Your instructions:
All of the listing, from first line to last, should be output exactly; the pictures stay out.

*** Opening Recorded data ***

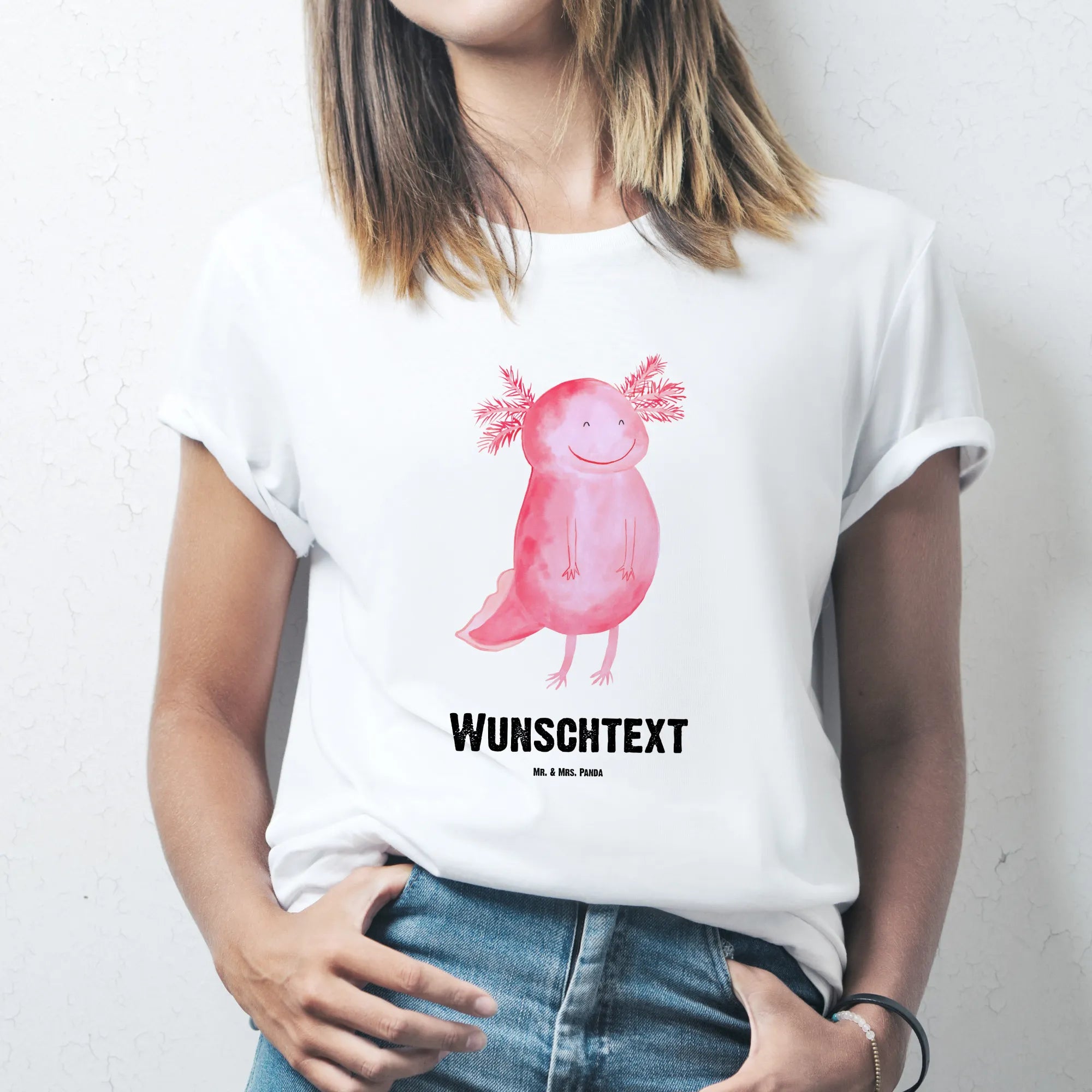 Das „Axolotl glücklich“-Design wurde mit viel Liebe von Mrs. Panda handgezeichnet. Unsere Axolotl Kollektion ist perfekt für alle, die ihre Zuneigung zu diesen faszinierenden Lurchen zeigen möchten. Trage es selbst oder verschenke es an Freunde und Familie, die das Besondere lieben. Diese personalisierte T-Shirt-Variante ist nicht nur modisch, sondern auch ein Ausdruck deiner einzigartigen Persönlichkeit.
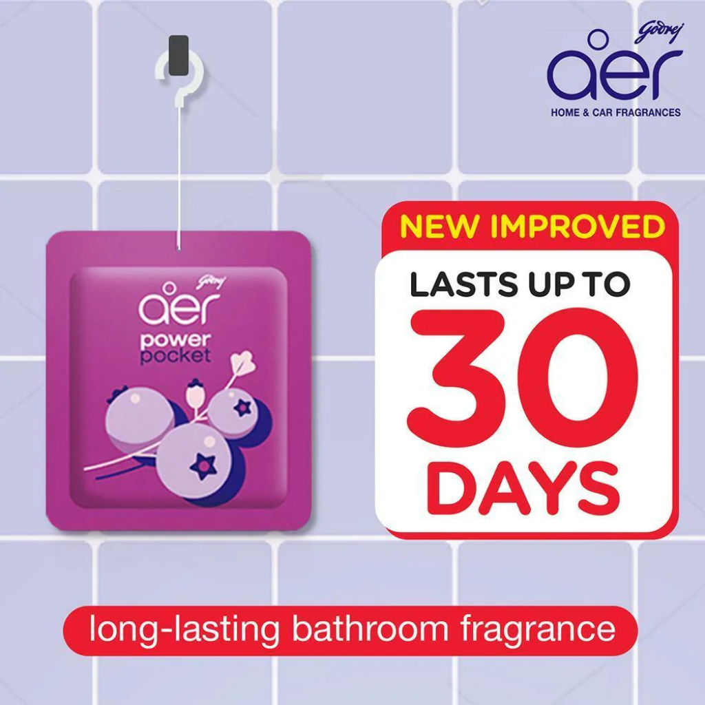 Godrej Aer Power Pocket – Long Lasting Bathroom Fragrance, Berry Rush, 10 g
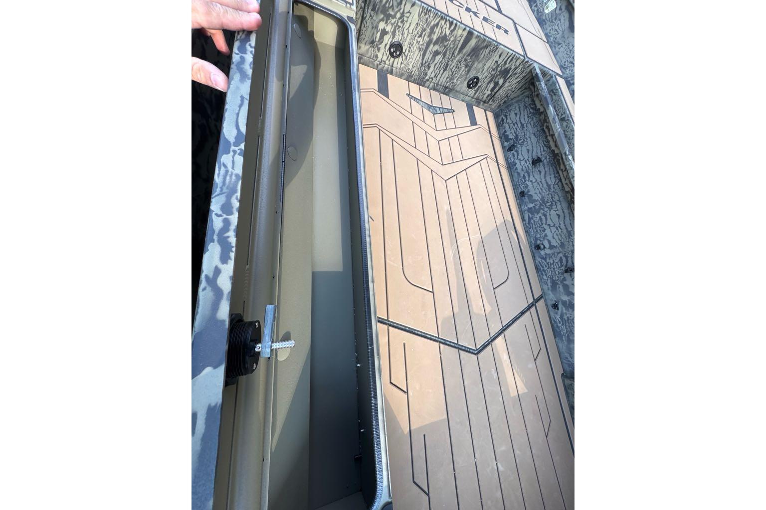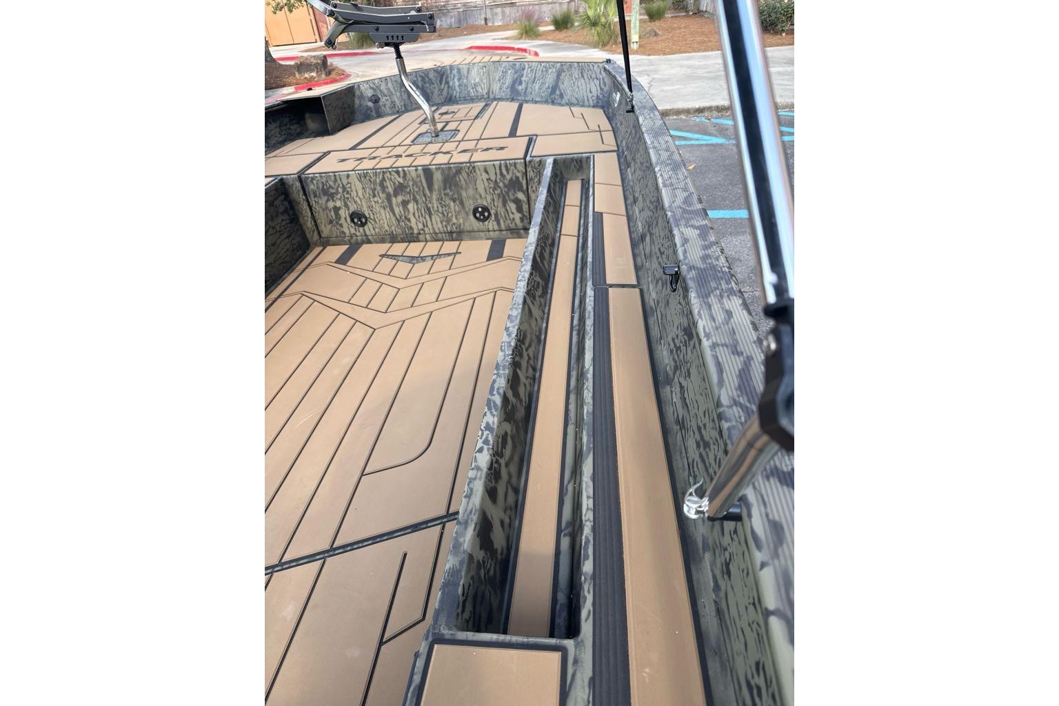Designed for versatility, it features a spacious front deck ideal for duck hunting, multiple lockable storage compartments, and dry storage in the aft port seat pod. The interior includes Sure Tread™ non-skid flooring for safety and longevity, along with strategically placed tie-down points for gear security. The exclusive VERSATRACK® accessory channel allows customization. Constructed from 100% aluminum with a wood-free transom system, it provides a smooth, dry ride thanks to its 7° deadrise and icebreaker keel. Additional features include integrated spud pole tubes, rear transom steps, and a welded foam-filled interior for strength. Equipped with practical electrical components and a powder-coated trailer, this boat is perfect for die hard waterfowl hunters, and outdoor enthusiasts seeking durability and style in striking Forest Green or TrueTimber® camo patterns.

*** Closing Recorded data ***

Task response:
 Das „Axolotl glücklich“-Design wurde mit viel Liebe von Mrs. Panda handgezeichnet. Unsere Axolotl Kollektion ist perfekt für alle, die ihre Zuneigung zu diesen faszinierenden Lurchen zeigen möchten. Trage es selbst oder verschenke es an Freunde und Familie, die das Besondere lieben. Diese personalisierte T-Shirt-Variante ist nicht nur modisch, sondern auch ein Ausdruck deiner einzigartigen Persönlichkeit.
 Godrej Aer Power Pocket – Long Lasting Bathroom Fragrance, Berry Rush, 10 g
Designed for versatility, it features a spacious front deck ideal for duck hunting, multiple lockable storage compartments, and dry storage in the aft port seat pod. The interior includes Sure Tread™ non-skid flooring for safety and longevity, along with strategically placed tie-down points for gear security. The exclusive VERSATRACK® accessory channel allows customization. Constructed from 100% aluminum with a wood-free transom system, it provides a smooth, dry ride thanks to its 7° deadrise and icebreaker keel. Additional features include integrated spud pole tubes, rear transom steps, and a welded foam-filled interior for strength. Equipped with practical electrical components and a powder-coated trailer, this boat is perfect for die hard waterfowl hunters, and outdoor enthusiasts seeking durability and style in striking Forest Green or TrueTimber® camo patterns.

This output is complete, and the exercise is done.